WASHINGTON — The Pentagon has a unique version of the old game of musical chairs. In its version when the music halts, instead of a chair getting removed, an individual seems to depart.

And no one seems to quite know how to slow the tune.

Since James Mattis departed as defense secretary on Dec. 31, 2018, the shell game of personnel being moved at senior Pentagon positions has only accelerated.

One of the rules seems to be the domino factor, a result of the filling top slots to compensate for Mattis’s departures.

Then there are the scheduled departures of top military commanders, always timed to expire in mid-presidential terms. Some nominations have been made and some confirmations ensued — but not all.

Throw in normal resignations and the slowness of the Trump administration of sending paperwork to Capitol Hill, and the music plays on and loud.

Among the slots open at the Pentagon: Defense Secretary, Deputy Defense Secretary, and Air Force Secretary. Then there are the jobs that need doing when people are shifted to do the duties of the positions that are full vacant.

Today, Mark Esper is in his first day as acting defense secretary, arriving at 7:24 a.m. and mumbling a few good mornings and hello. He technically remains as Army Secretary, with most — most —of his duties being handled by the undersecretary of the Army, Ryan McCarthy. McCarthy did it once before, from Aug. 1, 2017, until Nov. 16, 2017.

The number two slot of Deputy Secretary of Defense – that was Patrick Shanahan’s old job – is being temporarily filled by the military’s Comptroller David Norquist, the number three civilian rank in the Pentagon.

However, he is not called “acting Deputy Defense Secretary” but “Performing the Duties of the Deputy Secretary of Defense.” That gives him leeway to perform the duties longer but not entitled to do as much of the job if he was named “acting.”

Confused?
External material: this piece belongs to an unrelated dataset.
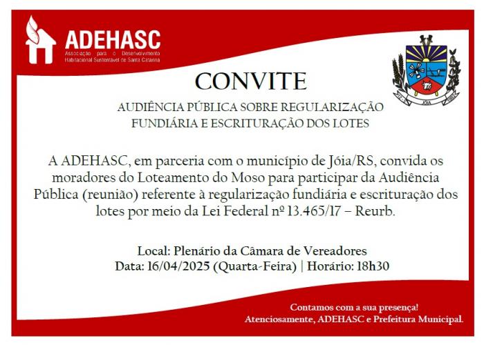 Acontece dia 16 de abril, às 18:30 horas, na Câmara de Vereadores, Audiência Pública para tratar sobre a legalização dos terrenos situados no loteamento do "Moso".
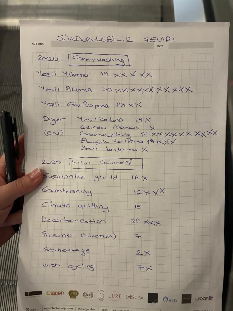 Yaptığımız oylamada: “Yeşil aklama” 69 oy alarak zirveyi kimseye kaptırmadı. Diğer öneriler: yeşil yıkama, yeşil göz boyama, çevreci maske, ekolojik yanıltma, yeşil kandırma, yeşil badana oldu. Daha da önemlisi terimi İngilizce bırakırım diyenlerin oranı %19’a indi, geçen yıl bu oran %39’du. Bu, Türkçenin sürdürülebilirlik alanında güç kazandığının net bir göstergesi.

So are Pentagon officials trying to sort it all out.

First is the 210-day rule. Under that regulation, certain individuals can only serve as ‘acting’ for 210 days until there is a formal nomination (and then the clock stops ticking). But because Shanahan was never nominated the clock on Esper started ticking on January 1, when Mattis departed. That would mean Esper could only serve in the acting role until July 30.

Another wrinkle. If Esper is nominated for the job, he cannot serve as acting defense secretary. He will have to stop being acting defense secretary until the Senate votes on his confirmation. Further complicating things: whoever becomes the next acting defense secretary will have limited command and decision power, all at a time of rising Iranian tension and conflicts on almost every continent.

Trump said he will nominate Esper for defense secretary as well as Norquist for Deputy Defense Secretary. Norquist’s number three job at the Pentagon is being handled by Lisa Hershman, as the Acting Chief Management Officer, who has been nominated but has not had her paperwork sent to the Senate.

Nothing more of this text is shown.